After several skirmishes between the Jacobins and Muscadins, the bust of Marat has been expelled from the theatres and public places of Paris, and the Convention have ratified this popular judgment, by removing him also from their Hall and the Pantheon.  But reflecting on the frailty of our nature, and the levity of their countrymen, in order to obviate the disorders these premature beatifications give rise to, they have decreed that no patriot shall in future by Pantheonized until ten years after his death.  This is no long period; yet revolutionary reputations have hitherto scarcely survived as many months, and the puerile enthusiasm which is adopted, not felt, has been usually succeeded by a violence and revenge equally irrational.

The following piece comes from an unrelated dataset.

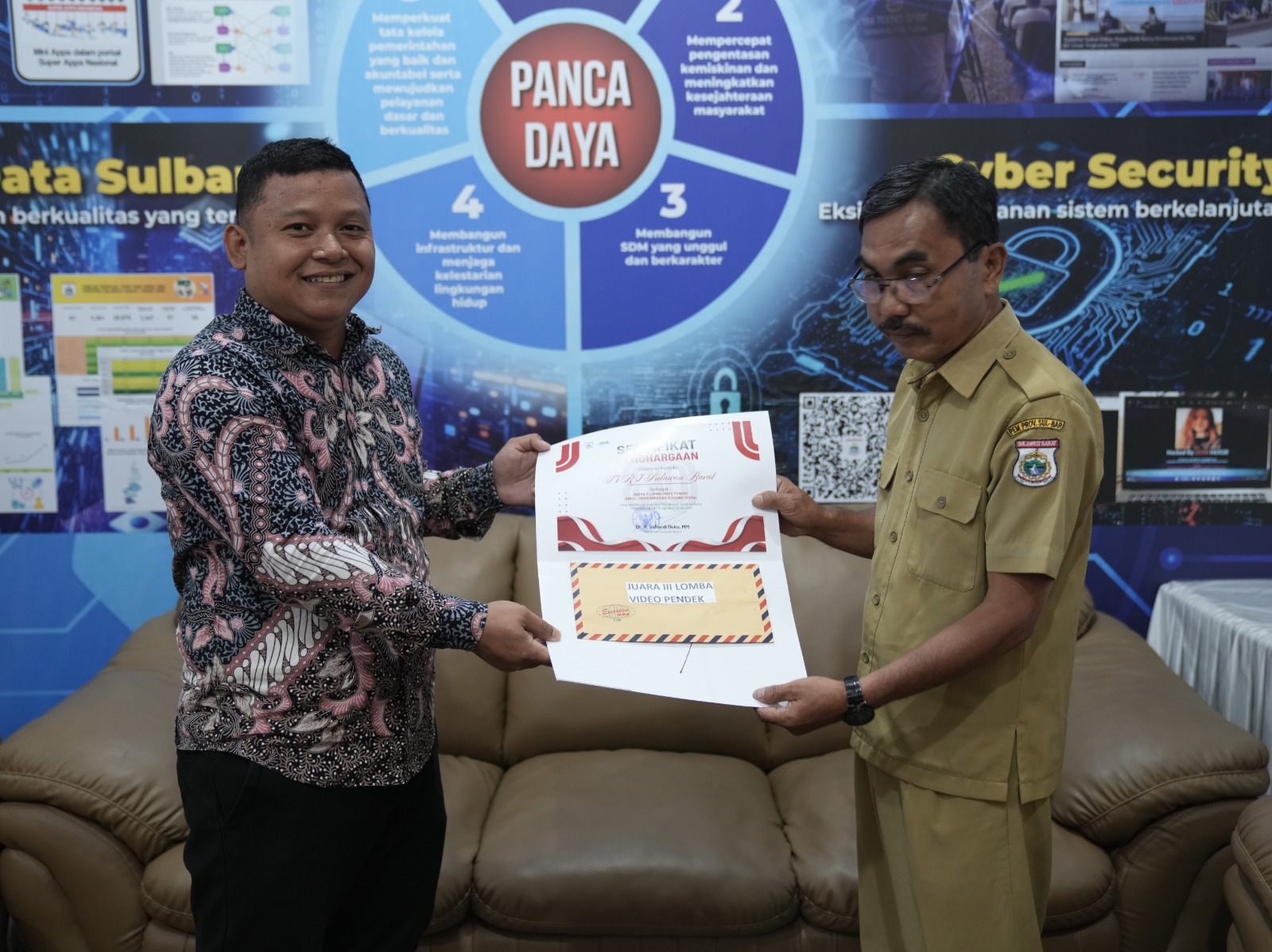 Prosesi penyerahan penghargaan berlangsung, Selasa 19 Agustus 2025, di Kantor Dinas Komunikasi, Informatika, Statistik dan Persandian (Kominfo SP) Sulbar. Pemberian penghargaan ini sebagai bentuk motivasi dan apresiasi dari Pemprov Sulbar kepada para pemenang lomba.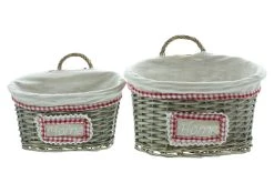 grau gekalkte Weide, schön geflochten, herausnehmbarer Stoffeinsatz, beige mit rot/weißem Karorand, passendes Textilpatch

It has lately been discovered that Condorcet is dead, and that he perished in a manner singularly awful.  Travelling under a mean appearance, he stopped at a public house to refresh himself, and was arrested in consequence of having no passport.  He told the people who examined him he was a servant, but a Horace, which they found about him, leading to a suspicion that he was of a superior rank, they determined to take him to the next town.  Though already exhausted, he was obliged to walk some miles farther, and, on his arrival, he was deposited in a prison, where he was forgotten, and starved to death.

Thus, perhaps at the moment the French were apotheosing an obscure demagogue, the celebrated Condorcet expired, through the neglect of a gaoler; and now, the coarse and ferocious Marat, and the more refined, yet more pernicious, philosopher, are both involved in one common obloquy.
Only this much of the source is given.